Stored data:
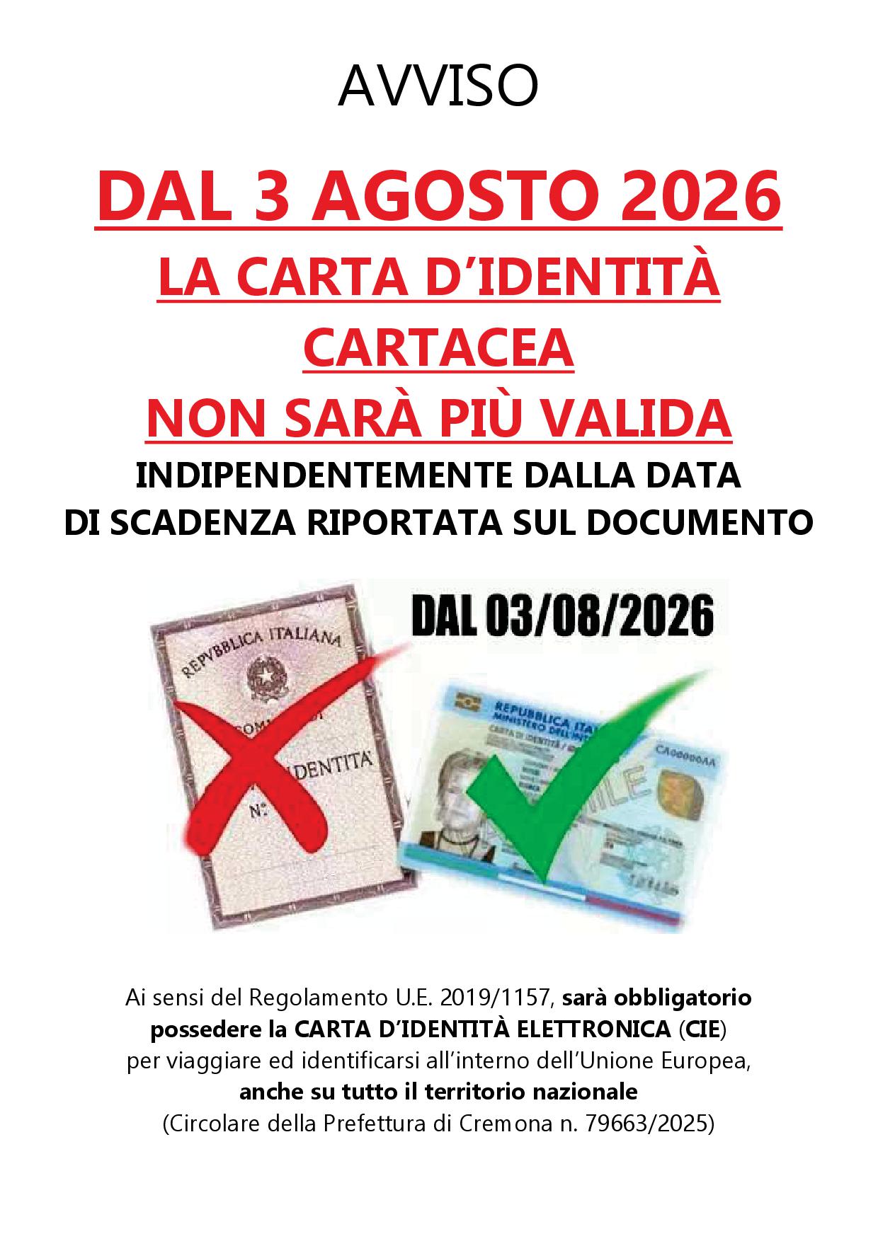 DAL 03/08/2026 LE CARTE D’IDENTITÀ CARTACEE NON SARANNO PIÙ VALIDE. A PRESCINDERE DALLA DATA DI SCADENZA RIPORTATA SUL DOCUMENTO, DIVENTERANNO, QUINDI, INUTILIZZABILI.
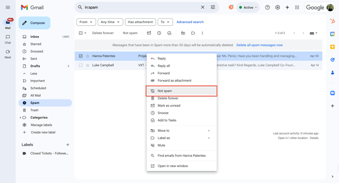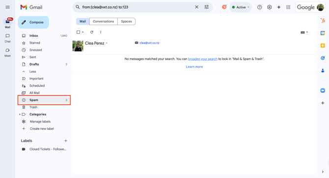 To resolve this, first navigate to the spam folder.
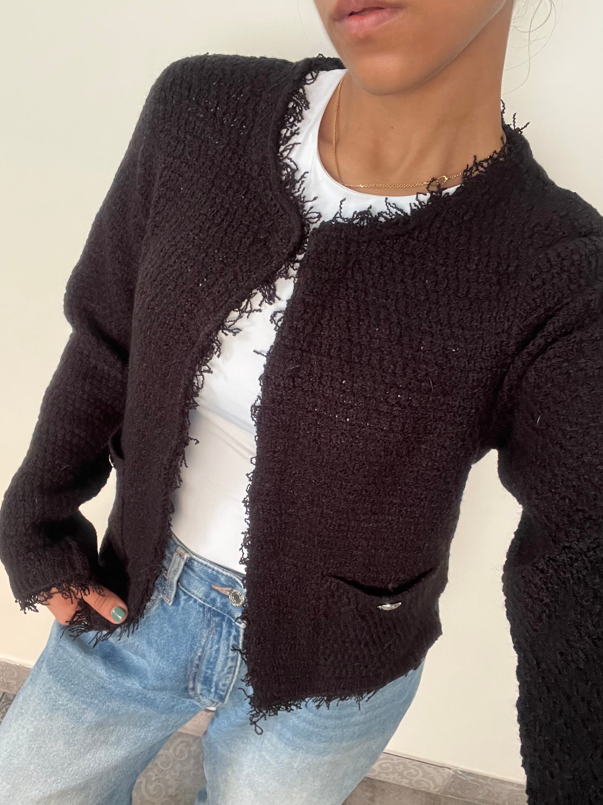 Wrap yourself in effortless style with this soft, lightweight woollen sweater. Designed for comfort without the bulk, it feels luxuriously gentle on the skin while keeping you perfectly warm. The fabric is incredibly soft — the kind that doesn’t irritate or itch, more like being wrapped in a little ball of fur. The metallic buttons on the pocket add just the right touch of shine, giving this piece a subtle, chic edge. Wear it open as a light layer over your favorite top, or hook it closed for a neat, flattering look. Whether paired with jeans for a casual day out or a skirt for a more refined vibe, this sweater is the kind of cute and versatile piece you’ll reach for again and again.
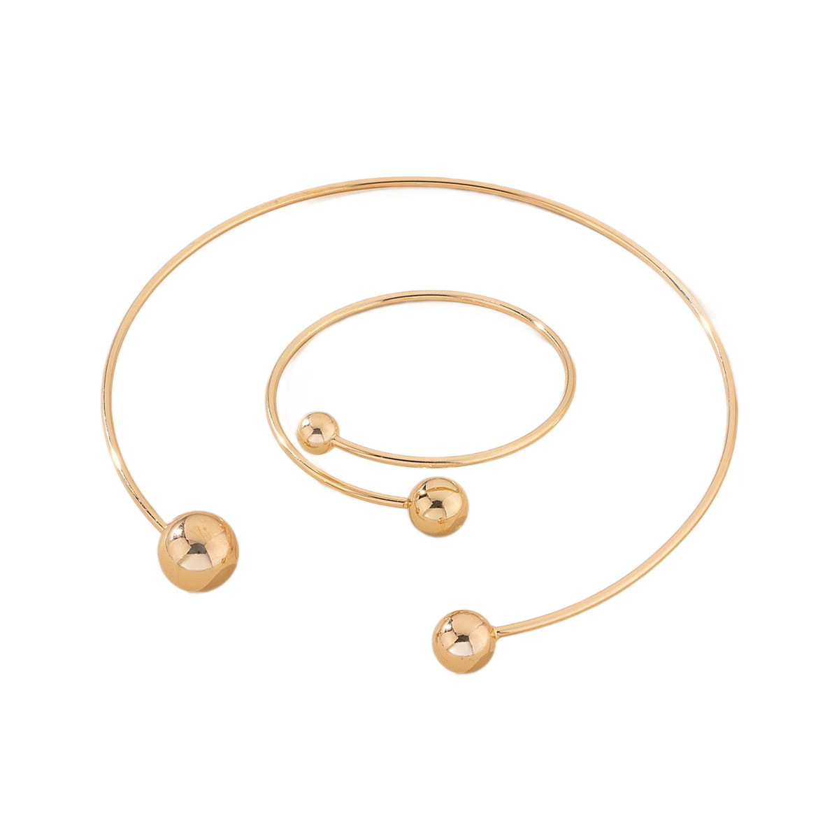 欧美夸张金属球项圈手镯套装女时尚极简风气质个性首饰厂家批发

Exercise details: Word-for-word output of the material above is needed, with the pictures left out.

Solution to the problem:
 DAL 03/08/2026 LE CARTE D’IDENTITÀ CARTACEE NON SARANNO PIÙ VALIDE. A PRESCINDERE DALLA DATA DI SCADENZA RIPORTATA SUL DOCUMENTO, DIVENTERANNO, QUINDI, INUTILIZZABILI.
 To resolve this, first navigate to the spam folder.
 Wrap yourself in effortless style with this soft, lightweight woollen sweater. Designed for comfort without the bulk, it feels luxuriously gentle on the skin while keeping you perfectly warm. The fabric is incredibly soft — the kind that doesn’t irritate or itch, more like being wrapped in a little ball of fur. The metallic buttons on the pocket add just the right touch of shine, giving this piece a subtle, chic edge. Wear it open as a light layer over your favorite top, or hook it closed for a neat, flattering look. Whether paired with jeans for a casual day out or a skirt for a more refined vibe, this sweater is the kind of cute and versatile piece you’ll reach for again and again.
 欧美夸张金属球项圈手镯套装女时尚极简风气质个性首饰厂家批发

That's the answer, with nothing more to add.